» Work to be completed
Give back every line of the material below exactly, but no images.

» Raw data
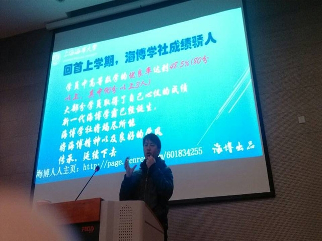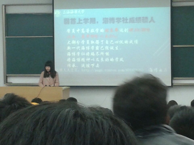 2014年3月2日,在交运伟德betvictor 大一、大二年级的晚点名活动上,海博学社对即将开展的课程进行了宣传。本次活动主要由指导老师朱红红老师组织,海博学社各部门负责协助。
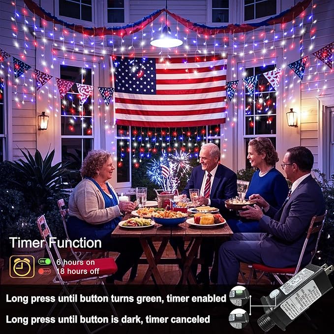 - 【Waterproof Independence Day's Decorations】The icicle lights are IP44 waterproof, making them perfect for outdoor use in conditions like rain and snow exposure. Designed for durability, they work reliably throughout the season. Note: Please keep the adapter away from water!
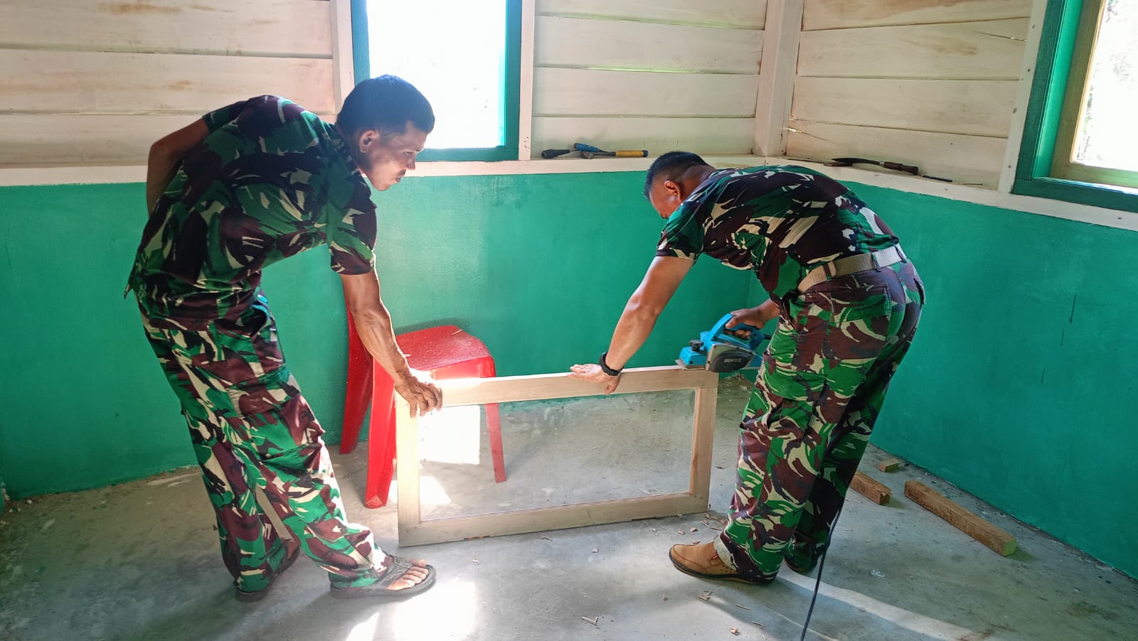 Minggu (27/10/2024) anggota Satgas TMMD ke 122 Kodim 0420 Sarko masih terlihat mengerjakan pekerjaan finishing di rumah Yabani, salah satunya dengan memperbaiki jendela.

» Problem solution
 2014年3月2日,在交运伟德betvictor 大一、大二年级的晚点名活动上,海博学社对即将开展的课程进行了宣传。本次活动主要由指导老师朱红红老师组织,海博学社各部门负责协助。
 - 【Waterproof Independence Day's Decorations】The icicle lights are IP44 waterproof, making them perfect for outdoor use in conditions like rain and snow exposure. Designed for durability, they work reliably throughout the season. Note: Please keep the adapter away from water!
 Minggu (27/10/2024) anggota Satgas TMMD ke 122 Kodim 0420 Sarko masih terlihat mengerjakan pekerjaan finishing di rumah Yabani, salah satunya dengan memperbaiki jendela.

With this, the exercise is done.